Superphysics Superphysics
Chapter 3

How the Romans Raised Themselves to Empire

by Montesquieu Icon
4 minutes  • 706 words

Modern Europeans have very near the same arts, the same arms, the same discipline, and the same manner of making war.

The prodigious fortune attained by the Romans seems incredible to us.

Power back then was divided so disproportionably, that it is impossible for a petty state to raise itself by its own strength [16].

A European prince who has 1 million people cannot maintain more than 10,000 soldiers or 1:100 without destroying himself. Consequently, only large nations have armies.

But this was different with ancient commonwealths. Their proportion of citizens to soldiers was 1:8.

The founders of ancient commonwealths had made an equal distribution of the lands. This alone raised a nation to power by creating a well-regulated society.

This also strengthed its armies. It let everyone exert himself in defence of his country.

When laws were not executed in their full rigour, affairs returned back to the same point in which we now see them.

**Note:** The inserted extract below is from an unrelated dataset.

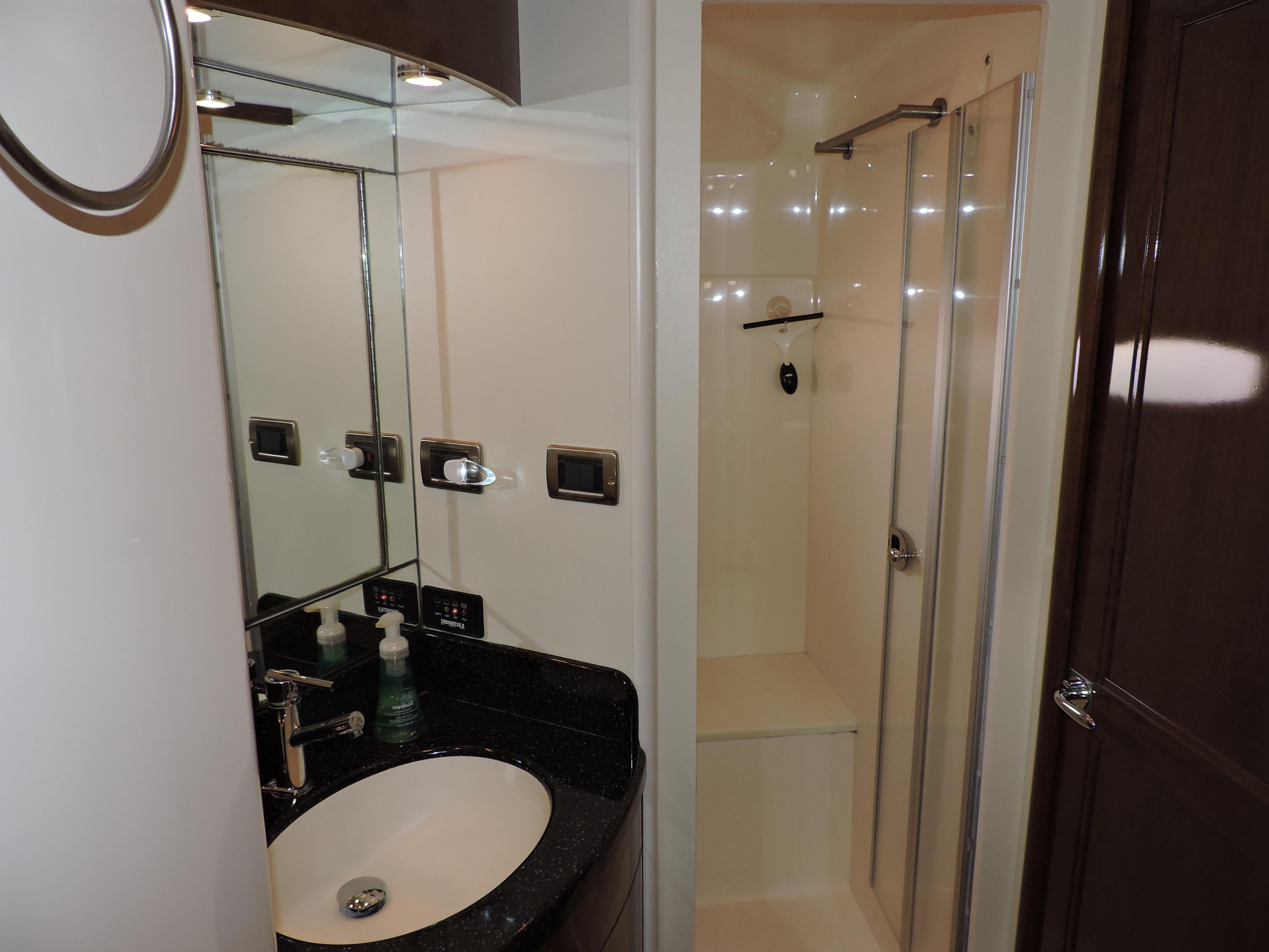- Retractable hand shower w/ wall-mounted holding bracket, towel bar, recessed overhead lighting, screened portlight w/ privacy glass
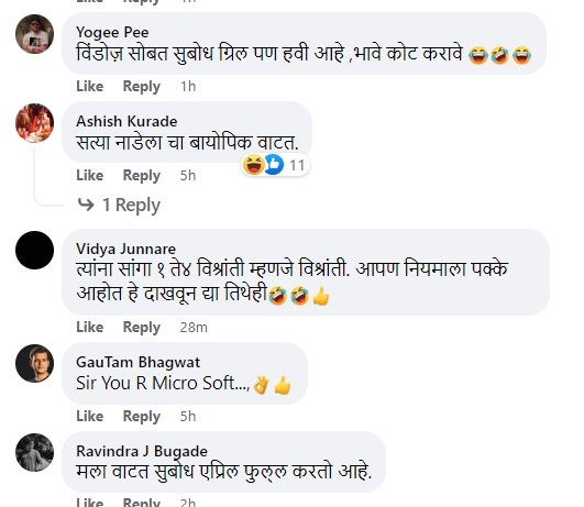 एकाने आता सुबोध भावे सत्या नाडेलाच्या बायोपिकमध्ये दिसणार अशी शंका उपस्थित केलीय. तर अन्य एकाने पुन्हा एकदा खरोखरच सुबोध मायक्रोसॉफ्टमध्ये नोकरी करणार असं समजून तो एप्रिल फूल बनवत असल्याची कमेंट केलीय.

The avarice of some particular persons, and the lavish profuseness of others, occasioned the lands to become the property of a few.

Immediately, arts were introduced to supply the reciprocal wants of the rich and poor.

The revenues of the lands that had before supported soldiers and citizens were now bestowed wholly on slaves and artificers who fed the luxury of the new proprietors.

This reduced the numbers of soldiers or citizens.

Before the state’s corruption, its original revenues were divided among the soldiers, that is, the labourers.

After it was corrupted, they went first to the rich, who let them out to flaves and artificers, from whom they received by way of tribute a part for the maintenance of the soldiers.

It was impossible that people of this cast should be good soldiers, they being cowardly and abject; already corrupted by the luxury of cities, and often by the very art they professed; not to mention, that as they could not properly call any country their own, and reaped the fruits of their industry in every clime, they had very little either to lose or keep.

In the survey * of the people of Rome, some time after the expulsion of the kings, and in that taken by Demetrius Phalerous at Athens found the population nearly equal.

Rome had 440,000. Athens had 431,000. But the census at Rome was made when its establishment was come to maturity. That of Athens was done when it was quite corrupt.

The adult population at Rome was 1/4 of the total population. At Athens, it was a little less than 1/20. Rome’s strength, therefore, to that of Athens, was at these different times almost five times larger.

Agis and Cleomenes observed that instead of 30,000 citizens, (for so many were at Sparta in Lycurgus’s time) there were only 700. Scarce 100 of them had lands. All the rest were no more than a cowardly populace. They undertook to revive the laws enacted on this occasion. From that period Sparta [18] recovered its former power, and again became formidable to all the Greeks.

It was the equal distribution of lands that at first enabled Rome to soar above its humble condition. This the Romans were strongly sensible of in their corrupted state.

This commonwealth was confined to narrow bounds, when the Latins, having refused to succour them with the troops which had been * stipulated, ten legions were presently raised in the city only= scarce at this time, says Livy, Rome, whom the whole universe is not able to contain, could levy such a force, were an enemy to appear suddenly under its wall= a sure indication that we have not risen in power, and have only increased the luxury and wealth which incommode us.

Tell me, would Tiberius Gracchus say † to the nobles, which is the most valuable character, that of a citizen or of a perpetual slave; who is most useful, a soldier, or a man entirely unfit for war? will you, merely for the sake of enjoying a few more acres of land than the rest of the citizens, quite lay aside the hopes of conquering the rest of the world, or be exposed to see yourselves dispossessed by the enemy, of those very lands which you refuse us?